Tokoh ini adalah penggambaran yang buruk tentang fisik manusia, namun di dalamnya adalah manusia yang utuh.

Nalagareng

Gareng adalah figur buruk rupa, badan kecil pendek, matanya juling, tangannya ”cekot”, dan kakinya pendek sebelah.Lidahnya pun kelu dan tidak bisa berbicara lancar dan benar.

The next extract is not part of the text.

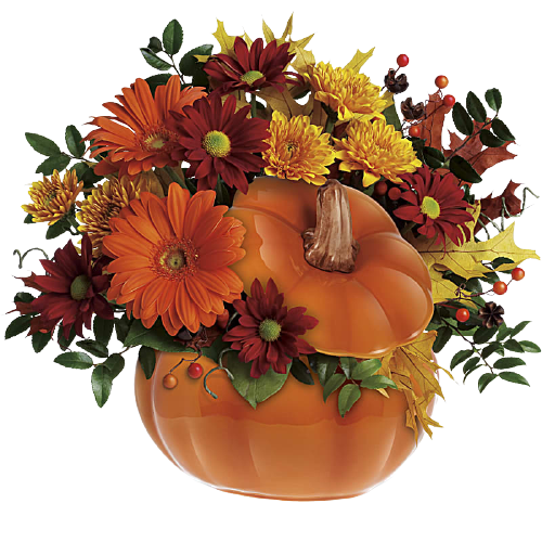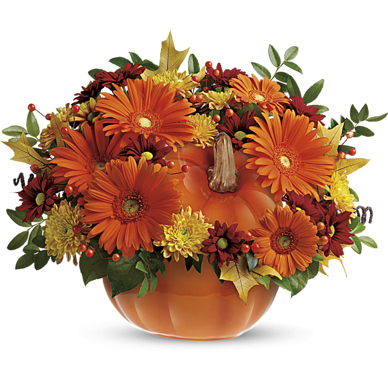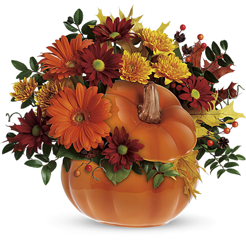 This pumpkin is sure to please! Send your special someone fall flowers and a keepsake gift with this reusable ceramic pumpkin arrangement. The fun Halloween decoration or spirited fall floral decoration for the home or office can later be used to serve Thanksgiving soup or stuffing!

Gareng akan selalu bertindak benar, karena mata yang juling mengingatkan untuk hanya melihat yang halal, tangan yang cekot tidak bisa dipakai untuk mencuri, kaki yang pincang menghambat untuk bepergian ke tempat maksiat, serta lidah yang kelu tidak mungkin dipergunakan menipu dan berghibah.

Petruk

Para dalang biasanya menggunakan tokoh Petruk untuk menyindir kondisi jaman, namun tidak membuat orang sakit hati karena ia seorang yang humoris dan berwajah manis. Petruk digambarkan cerdas dan pandai berdiskusi. Dalam lakon pewayangan, Petruk ini sering melugaskan ungkapan Semar yang kadangkala terlalu filosofis.

Petruk mengingatkan saya pada peran karikatur di media masa sebagai kontrol sosial. Cerdas, mengritik, namun humoris tanpa menyudutkan. Orang-orang semacam Petruk selalu ada, dan jangan diabaikan karena mereka jeli dalam menterjemahkan berbagai kondisi sosial, politik, dan budaya.

Bagong

Sebagai “anak bawang” Bagong menampilkan sosok yang kekanak-kanakan dalam bersikap. Ia seperti kebalikan Petruk yang cerdas dan kompleks. Matanya lebar menampakkan kenaifan, dan bila berbicara suka “nyeletuk” dengan pertanyaan bodoh tetapi benar. Badannya tambun mirip Semar, tetapi lebih pendek.

Bagong adalah sisi naif kehidupan. Ketika semua orang berpikir kompleks, terlalu kompleks dan tidak menemukan pemecahan, sisi Bagong kadangkala menyelamatkan. Bagong adalah wujud kegembiraan kanak-kanak setiap manusia.

Bila Semar selalu berpikir arif, Gareng selalu tergagap dalam berbicara, Petruk menjadi alat sang dalang untuk menyampaikan pikirannya tentang kondisi aktual. Tiba-tiba Bagong menyeletuk:”Lho, lha sebenarnya kenapa ya orang itu kok rebutan kursi? Mbok ya bawa kursi sendiri-sendiri dari rumah!” Keempat punakawan adalah kesatuan ciri manusia secara universal.

Namun demikian, saya paling mengagumi satire tokoh Nalagareng yang serba cacat, karena Allah memang tidak pernah menciptakan manusia secara sempurna. Kecacatan kita – apapun itu – sebenarnya adalah peringatan bagi manusia untuk selalu melakukan perbuatan yang benar.